(Input data)
* * *
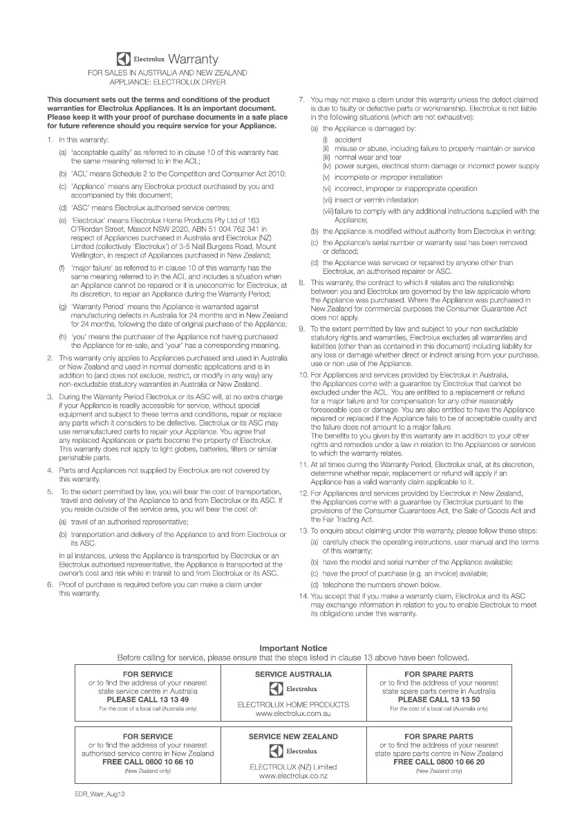 Electrolux EDV5051 - Electrolux Warranty Information; Warranty Terms and Conditions; Service and Spare Parts Contacts
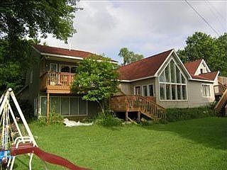 Enjoy Peaceful Living and Amazing Sunsets on Pine Lake!4 bedroom, 2 1/2 bath Contempory home with 138' of Sandy Frontage.A Unique getaway with Bright Large Rooms and Plenty of Storage and Closets.Guest House complete with Kitchen and Bath and it's own Deck built over the 2 1/2 Car Attached Garage.Relax on One of the 4 Decks, in the Beautiful Back Yard or Enjoy the Cool Central Air Inside. Pine Lake is a No Wake Lake perfect for Sailing and Fishing.
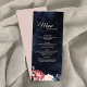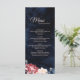 Este cardápio de casamento da Starry Night Floral inspira ou um tema de verão da meia-noite ou um tema de inverno escuro da neve, fazer um design versátil sazonalmente. A aquarela azul-marinho, quase negra, com uma estrela celeste ou floco de neve encheu o céu, combinada com o pop de flores e caligrafia rosa mínimas, certamente fala para a magia da celebração do seu casamento, independentemente da época do ano.
* * *
(Exercise description) Without the pictures, transcribe the lines from the one containing "Enjoy Peaceful Living" through the end of the data, exactly and only those.

(Result for this exercise)
 Enjoy Peaceful Living and Amazing Sunsets on Pine Lake!4 bedroom, 2 1/2 bath Contempory home with 138' of Sandy Frontage.A Unique getaway with Bright Large Rooms and Plenty of Storage and Closets.Guest House complete with Kitchen and Bath and it's own Deck built over the 2 1/2 Car Attached Garage.Relax on One of the 4 Decks, in the Beautiful Back Yard or Enjoy the Cool Central Air Inside. Pine Lake is a No Wake Lake perfect for Sailing and Fishing.
 Este cardápio de casamento da Starry Night Floral inspira ou um tema de verão da meia-noite ou um tema de inverno escuro da neve, fazer um design versátil sazonalmente. A aquarela azul-marinho, quase negra, com uma estrela celeste ou floco de neve encheu o céu, combinada com o pop de flores e caligrafia rosa mínimas, certamente fala para a magia da celebração do seu casamento, independentemente da época do ano.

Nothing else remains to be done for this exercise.